Dataset entries
== == ==
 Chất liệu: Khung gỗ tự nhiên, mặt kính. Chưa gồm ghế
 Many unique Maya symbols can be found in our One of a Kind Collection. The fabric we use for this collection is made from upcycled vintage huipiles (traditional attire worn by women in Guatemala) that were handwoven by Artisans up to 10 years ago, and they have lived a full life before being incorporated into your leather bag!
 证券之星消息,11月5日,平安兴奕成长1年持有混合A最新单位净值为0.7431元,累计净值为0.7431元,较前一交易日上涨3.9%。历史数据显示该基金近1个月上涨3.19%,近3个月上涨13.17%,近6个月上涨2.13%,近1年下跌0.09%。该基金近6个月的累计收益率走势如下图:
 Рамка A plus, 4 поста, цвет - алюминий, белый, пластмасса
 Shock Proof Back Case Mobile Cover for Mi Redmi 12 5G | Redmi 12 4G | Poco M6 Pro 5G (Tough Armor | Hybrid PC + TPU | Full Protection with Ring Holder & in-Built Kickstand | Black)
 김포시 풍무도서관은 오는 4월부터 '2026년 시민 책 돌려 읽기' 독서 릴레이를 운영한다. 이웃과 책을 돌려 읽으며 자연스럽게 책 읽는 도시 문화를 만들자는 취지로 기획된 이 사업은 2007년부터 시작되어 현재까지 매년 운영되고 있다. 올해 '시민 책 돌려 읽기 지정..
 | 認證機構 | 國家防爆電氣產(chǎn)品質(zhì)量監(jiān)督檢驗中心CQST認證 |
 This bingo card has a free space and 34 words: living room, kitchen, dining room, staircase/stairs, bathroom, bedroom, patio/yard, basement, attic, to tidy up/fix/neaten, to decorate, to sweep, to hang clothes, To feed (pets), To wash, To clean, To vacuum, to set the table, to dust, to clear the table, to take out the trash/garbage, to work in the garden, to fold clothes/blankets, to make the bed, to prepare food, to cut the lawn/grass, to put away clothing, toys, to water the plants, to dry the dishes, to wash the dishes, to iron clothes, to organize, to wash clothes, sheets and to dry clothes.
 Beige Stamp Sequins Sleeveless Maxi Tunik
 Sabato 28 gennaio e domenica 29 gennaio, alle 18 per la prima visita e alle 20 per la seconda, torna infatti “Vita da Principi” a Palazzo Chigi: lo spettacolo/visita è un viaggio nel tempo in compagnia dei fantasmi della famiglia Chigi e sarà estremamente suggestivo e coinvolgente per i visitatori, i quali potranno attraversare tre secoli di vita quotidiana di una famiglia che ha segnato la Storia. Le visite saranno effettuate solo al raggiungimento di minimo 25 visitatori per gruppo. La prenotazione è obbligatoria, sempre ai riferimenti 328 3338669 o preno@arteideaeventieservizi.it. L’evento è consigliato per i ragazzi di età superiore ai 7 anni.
== == ==
▶ _Your objective_
Copy out every entry exactly.

▶ _Solution_
 Chất liệu: Khung gỗ tự nhiên, mặt kính. Chưa gồm ghế
 Many unique Maya symbols can be found in our One of a Kind Collection. The fabric we use for this collection is made from upcycled vintage huipiles (traditional attire worn by women in Guatemala) that were handwoven by Artisans up to 10 years ago, and they have lived a full life before being incorporated into your leather bag!
 证券之星消息,11月5日,平安兴奕成长1年持有混合A最新单位净值为0.7431元,累计净值为0.7431元,较前一交易日上涨3.9%。历史数据显示该基金近1个月上涨3.19%,近3个月上涨13.17%,近6个月上涨2.13%,近1年下跌0.09%。该基金近6个月的累计收益率走势如下图:
 Рамка A plus, 4 поста, цвет - алюминий, белый, пластмасса
 Shock Proof Back Case Mobile Cover for Mi Redmi 12 5G | Redmi 12 4G | Poco M6 Pro 5G (Tough Armor | Hybrid PC + TPU | Full Protection with Ring Holder & in-Built Kickstand | Black)
 김포시 풍무도서관은 오는 4월부터 '2026년 시민 책 돌려 읽기' 독서 릴레이를 운영한다. 이웃과 책을 돌려 읽으며 자연스럽게 책 읽는 도시 문화를 만들자는 취지로 기획된 이 사업은 2007년부터 시작되어 현재까지 매년 운영되고 있다. 올해 '시민 책 돌려 읽기 지정..
 | 認證機構 | 國家防爆電氣產(chǎn)品質(zhì)量監(jiān)督檢驗中心CQST認證 |
 This bingo card has a free space and 34 words: living room, kitchen, dining room, staircase/stairs, bathroom, bedroom, patio/yard, basement, attic, to tidy up/fix/neaten, to decorate, to sweep, to hang clothes, To feed (pets), To wash, To clean, To vacuum, to set the table, to dust, to clear the table, to take out the trash/garbage, to work in the garden, to fold clothes/blankets, to make the bed, to prepare food, to cut the lawn/grass, to put away clothing, toys, to water the plants, to dry the dishes, to wash the dishes, to iron clothes, to organize, to wash clothes, sheets and to dry clothes.
 Beige Stamp Sequins Sleeveless Maxi Tunik
 Sabato 28 gennaio e domenica 29 gennaio, alle 18 per la prima visita e alle 20 per la seconda, torna infatti “Vita da Principi” a Palazzo Chigi: lo spettacolo/visita è un viaggio nel tempo in compagnia dei fantasmi della famiglia Chigi e sarà estremamente suggestivo e coinvolgente per i visitatori, i quali potranno attraversare tre secoli di vita quotidiana di una famiglia che ha segnato la Storia. Le visite saranno effettuate solo al raggiungimento di minimo 25 visitatori per gruppo. La prenotazione è obbligatoria, sempre ai riferimenti 328 3338669 o preno@arteideaeventieservizi.it. L’evento è consigliato per i ragazzi di età superiore ai 7 anni.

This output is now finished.